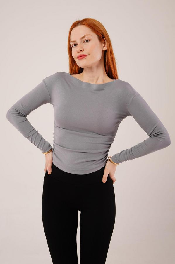 Yaka Detay Uzun Kollu Basic Gri Bluz
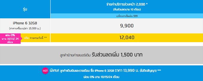 *** รายการส่งเสริมการขายนี้ไม่สามารถใช้ร่วมกับส่วนลดย้ายค่ายเบอร์เดิม 1,500 บาทดูรายละเอียดเพิ่มเติมได้ที่ www.dtac.co.th/iphone6ข่าว-โปรโมชั่นล่าสุดอื่นๆ
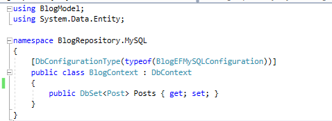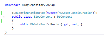 2. 在DBContext类型上使用MySqlEFConfiguration类型:

**What to produce:** Pass over the images and copy the rest of the material above exactly.

**Reply:**
 Yaka Detay Uzun Kollu Basic Gri Bluz
 *** รายการส่งเสริมการขายนี้ไม่สามารถใช้ร่วมกับส่วนลดย้ายค่ายเบอร์เดิม 1,500 บาทดูรายละเอียดเพิ่มเติมได้ที่ www.dtac.co.th/iphone6ข่าว-โปรโมชั่นล่าสุดอื่นๆ
 2. 在DBContext类型上使用MySqlEFConfiguration类型:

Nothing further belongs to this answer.